Since TOF performance influences how robust PET reconstructions are to data inconsistencies [27], it should be considered that these data were gathered on a Biograph Vision silicon photomultiplier (SiPM) PET system, with 249 ps timing resolution [28]. It could also be investigated as to how PET quantification is affected with the examined protocols on conventional photomultiplier PET systems such as the Biograph mCT Edge, with slower timing resolution at 540 ps [29], if equipped with the tin filter, or if the standard ULDCT protocol is used for AC only.

Whilst this study has focused on the tin filter in ULDCT for PET AC only, CT scans are also commonly carried out for lesion localisation and characterisation, requiring superior image quality and therefore increased dose.
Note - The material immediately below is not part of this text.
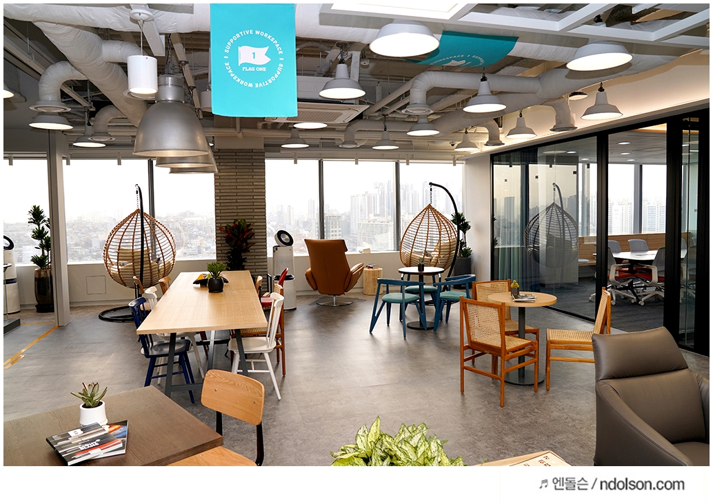 유명 카페의 느낌의 세련된 인테리어와 스트레스 없이 아이디어가 마구 솟구칠 것 같은 자유로운 분위기가 너무 잘 어울려져 있었습니다. 입주자를 위한 웰컴데스크가 위치하고 있으며 매니저가 상주하고 있습니다. 플래그원의 아이덴티티를 느낄 수 있는 인테리어와 자유분방하면서 세련된 감성을 잘 느낄 수 있는 분위기를 보여주었습니다.

Future work should evaluate how much CT dose reduction is afforded with the tin filter for localisation/characterisation CT for the different exam types, and which exposure settings are required.

This study has only considered CT tin filtration on PET-CT systems, yet the tin filter has also been recently introduced to single-photon emission computed tomography (SPECT)-CT. Although we would still expect to see marked dose savings with the tin filter in SPECT-CT, the magnitude of dose saving may be different, since these systems use different tube voltages, and the effect of HU changes may affect SPECT quantification to a different extent. Hence, a similar study should also be conducted for SPECT-CT to enable optimisation of tin filter protocols on those systems.

Conclusions

This study has demonstrated that adequate PET quantification is maintained at the full range of tissue densities when using the standard ULDCT protocol for PET AC only, without tin filter on the Biograph Vision with Definition Edge CT, for a DLP of 7–8 mGy.cm per bed position. Moreover, using the tin filter could provide a further 60–87% dose reduction, with the minimum required CT dose depending on the tissue of interest and the accepted level of change in PET quantification. PET quantification accuracy is maintained in soft tissue equivalent density at a lower dose than in bone equivalent density. For ULDCT for PET AC, Sn100 kV provides the best compromise between dose and PET quantification accuracy compared with Sn140 kV. The optimal mAs-ref setting for Sn100 kV in ULDCT for PET AC lies between 12 and 50, but future work is needed to examine the effect of ULDCT protocols on beam hardening artefacts at typically affected anatomical sites, and examine their effect on PET quantification, in order to establish the optimal setting.